Ela desamarrou a Tânia-adolescente e desamordaçou-a., e gesticulou para que ela saísse do carro. A menina obedeceu e esperou-a; a Tânia-adulta também saiu, e viram-se frente a frente.
Fitaram-se longamente.
A menina Tânia compreendera e aceitara tudo.
- Eu agradeço... o que você fez por mim. Muito, muito obrigada.

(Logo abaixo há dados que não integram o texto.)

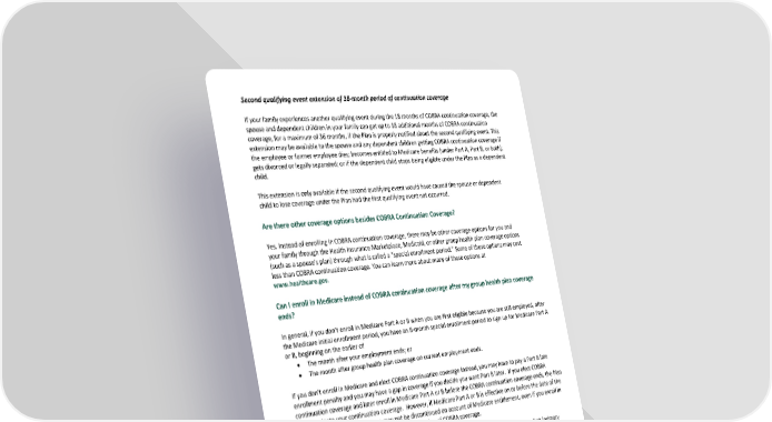 Second qualifying event extension of 18-month period of continuation coverage If your family experiences another qualifying event during the 18 months of COBRA continuation coverage, the spouse and dependent children in your family can get up to 18 additional months of COBRA continuation coverage, for a maximum of 36 months, if the Plan is properly notified about the second qualifying event. This extension may be available to the spouse and any dependent children getting COBRA continuation coverage if the employee or former employee dies; becomes entitled to Medicare benefits (under Part A, Part B, or both); gets divorced or legally separated; or if the dependent child stops being eligible under the Plan as a dependent child. This extension is only available if the second qualifying event would have caused the spouse or dependent child to lose coverage under the Plan had the first qualifying event not occurred. Are there other coverage options besides COBRA Continuation Coverage? Yes. Instead of enrolling in COBRA continuation coverage, there may be other coverage options for you and your family through the Health Insurance Marketplace, Medicaid, or other group health plan coverage options (such as a spouse’s plan) through what is called a “special enrollment period.” Some of these options may cost less than COBRA continuation coverage. You can learn more about many of these options at www.healthcare.gov. Can I enroll in Medicare instead of COBRA continuation coverage after my group health plan coverage ends? In general, if you don’t enroll in Medicare Part A or B when you are first eligible because you are still employed, after the Medicare initial enrollment period, you have an 8-month special enrollment period to sign up for Medicare Part A or B, beginning on the earlier of • The month after your employment ends; or • The month after group health plan coverage on current employment ends. If you don’t enroll in Medicare and elect COBRA continuation coverage instead, you may have to pay a Part B late enrollment penalty and you may have a gap in coverage if you decide you want Part B later. If you elect COBRA continuation coverage and later enroll in Medicare Part A or B before the COBRA continuation coverage ends, the Plan may terminate your continuation coverage. However, if Medicare Part A or B is effective on or before the date of the COBRA election, COBRA coverage may not be discontinued on account of Medicare entitlement, even if you enroll in the other part of Medicare after the date of the election of COBRA coverage. If you are enrolled in both COBRA continuation coverage and Medicare, Medicare will generally pay first (primary payer) and COBRA continuation coverage will pay second. Certain plans may pay as if secondary to Medicare, even if you are not enrolled in Medicare. For more information vision https://www.medicare.gov/medicare-and-you. If you have questions Questions concerning your Plan or your COBRA continuation coverage rights should be addressed to the contact or contacts identified below. For more information about your rights under the Employee Retirement Income Security Act (ERISA), including COBRA, the Patient Protection and Affordable Care Act, and other laws affecting group health plans, contact the nearest Regional or District Office of the U.S. Department of Labor’s Employee Benefits Security Administration (EBSA) in your area or visit www.dol.gov/ebsa. (Addresses and phone numbers of Regional and District EBSA Offices are available through EBSA’s website.) For more information about the Marketplace, visit www.HealthCare.gov.

Abraçou e beijou a outra e, sorrindo, acrescentou:
- É engraçado... agradecer a mim mesma. Entretanto... foi certo matar aquele homem? Apesar de tudo?
-Foi um ato de legítima defesa. Eu não sou deste mundo, eu sou do futuro. Como poderia leva-lo à justiça?
- Você deve ter razão.
- Adeus, Tânia. Se cuida.
- Você também, Tânia. E mais uma vez, obrigada.

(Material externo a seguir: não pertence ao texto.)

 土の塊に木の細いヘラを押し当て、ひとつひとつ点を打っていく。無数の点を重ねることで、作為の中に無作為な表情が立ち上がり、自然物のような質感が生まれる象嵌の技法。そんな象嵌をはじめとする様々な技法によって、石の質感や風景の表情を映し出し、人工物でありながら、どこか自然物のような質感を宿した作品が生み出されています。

- Só te faço uma recomendação: aprenda artes marciais, para saber se defender de qualquer atacante. É o que eu fiz, mas motivada pela agressão que sofri; porém você fará isso de qualquer jeito.
- Tânia, você se casou?
- Estou noiva – ela sorriu. – Deixa eu ir , querida. Fica com Deus.
Beijou-a rapidamente, e voltou ao carro.
- Agora afaste-se, por favor. Em dois minutos vou desaparecer da sua vista, e você deve se afastar pelo menos uns dez metros. Eu volto para o meu tempo!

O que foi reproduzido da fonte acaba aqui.